Коньяк, конечно, превосходный. Но очень крепкий, черт возьми. Вкус, конечно, элегантный такой, приятный, можно сказать гармоничный. Но макароны по-флотски сразу же отрубали этот божественный привкус. Подумал, уж лучше бы водочки..

– Э-э, дорогой, да ты никак мыслями далек от нашего стола, – вернул в реальность Ринча. – Путинскую речь, чувствую, «пережевываешь» на пленарной сессии двадцатого Валдайского дискуссионного клуба? Слушал я эту речь ночью в поезде, на длинных волнах российское радио транслировало. Не парься, главный смысл его речи – это просьба к сообществу жить по- совести и справедливости.

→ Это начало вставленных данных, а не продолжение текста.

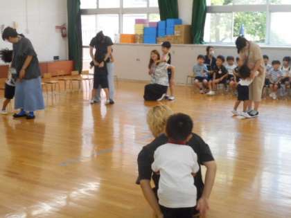 お家の人といろいろなマッサージをするふれあい遊びをしたり、子どもたちみんなで「ラララ体操」をしたりして、楽しい誕生会となりました。

– Ринча, откуда знаешь, что слушал Путина?!

– Знаю. Не пропустишь такое событие, ведь ты был, кроме всего прочего, лектором-международником…

– Ладно, Ринча. На мой взгляд, Путин на весь мир сказал, что западная цивилизация вскормлена за счет ограбления всей планеты, бесконечной экспансии, анголосаксы грабили и грабят природные, технологические, человеческие ресурсы, принадлежащие другим.

– Обрати внимание, – Ринча не удержался, – Путин сказал, что этот пидараст-гегемон в лице США и Европы принуждают весь мир жить по его правилам, не признавая международное право, суверенитет стран…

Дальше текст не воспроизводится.